Region: us1 (United States), eu1 (Europe), or au1 (Australia/Asia-Pacific).

These credentials are required for the Helm deployment in Phase 4. Store them securely. For details, read Create a .

Required tools

Ensure these tools are installed and configured on your deployment workstation:

Terraform 1.0+ for infrastructure provisioning.
Google Cloud SDK (gcloud) configured with credentials (gcloud auth application-default login).
gke-gcloud-auth-plugin for kubectl authentication to GKE.
kubectl for Kubernetes cluster management.
Helm 3.x for application deployment.

Verify prerequisites:

# Verify Google Cloud authentication
gcloud auth list
gcloud config get-value project

# Verify tool versions
terraform --version
kubectl version --client
helm version
gke-gcloud-auth-plugin --version

Architecture decision points

Before deploying, make these key architectural decisions.

1. VPC and networking

The GKE Terraform module always creates a dedicated VPC. The module does not support attaching to an existing VPC. What gets created:

VPC with subnets and secondary IP ranges for GKE pods and services.
Cloud NAT (when enable_cloud_nat = true) for outbound internet access from private nodes.
Firewall rules for cluster communication.

GKE requires secondary IP ranges for pod and service IPs. The module configures these automatically—no manual subnet configuration is required.

2. Public vs private cluster

Setting	API server access	Use case
Public cluster	API server publicly accessible from authorized IP ranges.	Development, testing, faster initial setup.
Private cluster	API server accessible only from within VPC.	Production, enhanced security, requires Cloud NAT for node egress.

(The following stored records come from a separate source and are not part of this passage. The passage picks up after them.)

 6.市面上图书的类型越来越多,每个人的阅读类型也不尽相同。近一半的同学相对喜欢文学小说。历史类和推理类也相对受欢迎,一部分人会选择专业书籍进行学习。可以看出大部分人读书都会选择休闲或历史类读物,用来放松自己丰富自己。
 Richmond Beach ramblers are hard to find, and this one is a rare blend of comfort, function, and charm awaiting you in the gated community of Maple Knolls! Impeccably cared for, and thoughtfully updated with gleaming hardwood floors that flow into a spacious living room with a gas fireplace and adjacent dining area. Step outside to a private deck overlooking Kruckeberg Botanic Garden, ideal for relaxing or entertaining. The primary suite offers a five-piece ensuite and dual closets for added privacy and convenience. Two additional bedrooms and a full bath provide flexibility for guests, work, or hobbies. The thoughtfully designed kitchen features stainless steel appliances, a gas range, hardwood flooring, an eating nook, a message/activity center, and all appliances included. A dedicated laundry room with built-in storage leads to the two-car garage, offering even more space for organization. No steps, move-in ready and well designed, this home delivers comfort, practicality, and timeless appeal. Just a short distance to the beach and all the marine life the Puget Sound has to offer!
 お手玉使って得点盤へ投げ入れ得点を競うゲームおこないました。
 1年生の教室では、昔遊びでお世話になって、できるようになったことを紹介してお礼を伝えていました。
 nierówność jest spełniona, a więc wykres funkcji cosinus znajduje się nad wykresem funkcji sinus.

Set is_private_cluster = true or is_private_cluster = false in Terraform variables. See terraform.tfvars.example in the deployment library for an example. For private clusters, ensure:

Cloud NAT is enabled so private nodes can pull container images and reach external endpoints.
Deployment workstation has VPN or bastion access to VPC.
Authorized IP ranges include your access points.

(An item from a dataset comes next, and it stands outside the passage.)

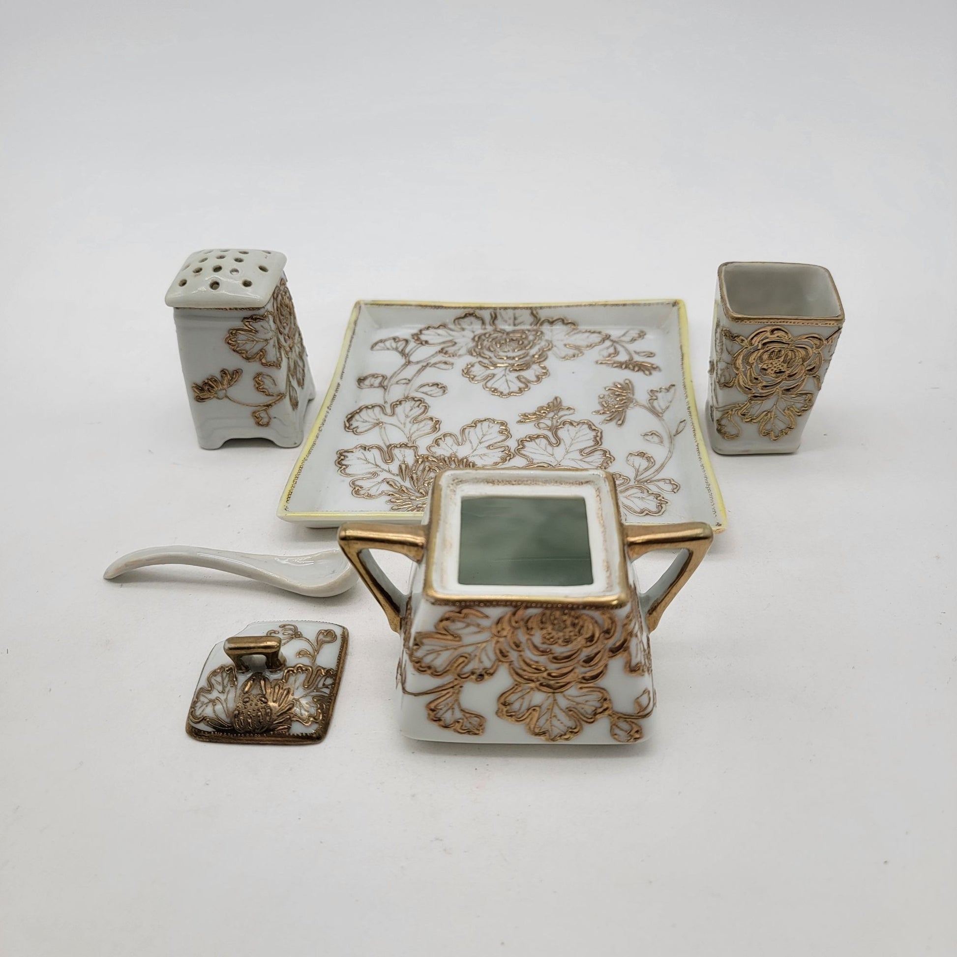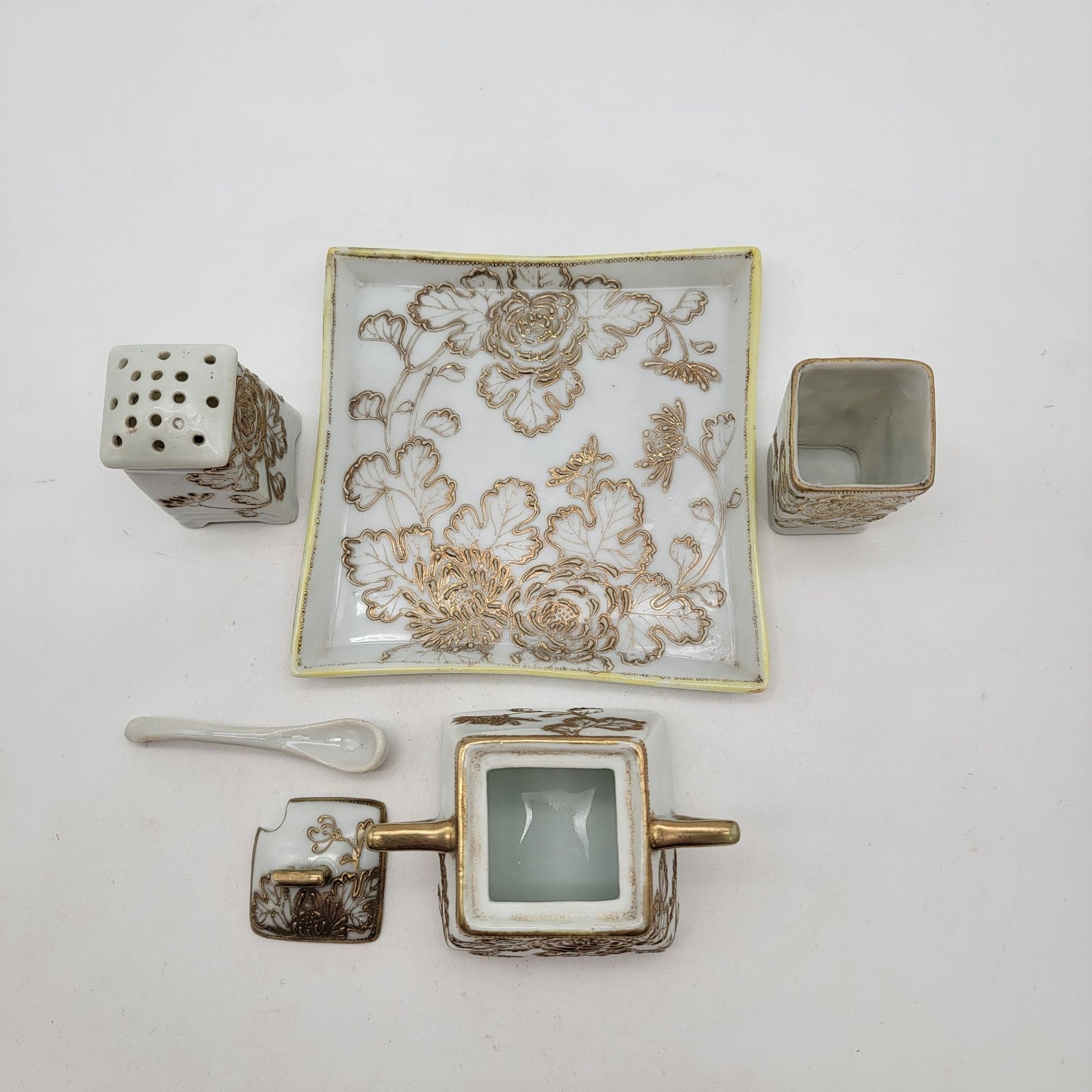 Antique Nagoya Shofu Nippon Porcelain Condiment Set Gold Gilded Floral Design 1890-1921

3. Authentication strategy

Workload Identity (recommended):
- pods authenticate to Google Cloud APIs using federated identity credentials.
- No static credentials stored in the cluster.
- Automatic token rotation by Google Cloud STS.
- Best-practice security model for GKE.
Static OAuth credentials:
- OAuth credentials stored in Kubernetes Secrets.
- Use only if Workload Identity cannot be implemented (not recommended for GKE).

Recommendation: Use Workload Identity for all GKE deployments. The deployment library Terraform module creates the required service accounts and IAM bindings automatically.

4. Node pool strategy

Node machine type sizing:

Machine type	vCPU	Memory	Use case
`e2-standard-2`	2	8 GB	Development, testing, low workload.
`e2-standard-4`	4	16 GB	Small to medium production workloads.
`e2-standard-8`	8	32 GB	Production workloads.
`e2-standard-16`	16	64 GB	High-throughput production workloads.

Considerations:

Transformation-heavy workloads: SQL generation tasks, low CPU usage → Smaller machines sufficient.
Data ingestion/scripting workloads: High data transfer, processing on → Larger machines needed.
Pod density: Larger machines allow more pods per node, reducing operational overhead.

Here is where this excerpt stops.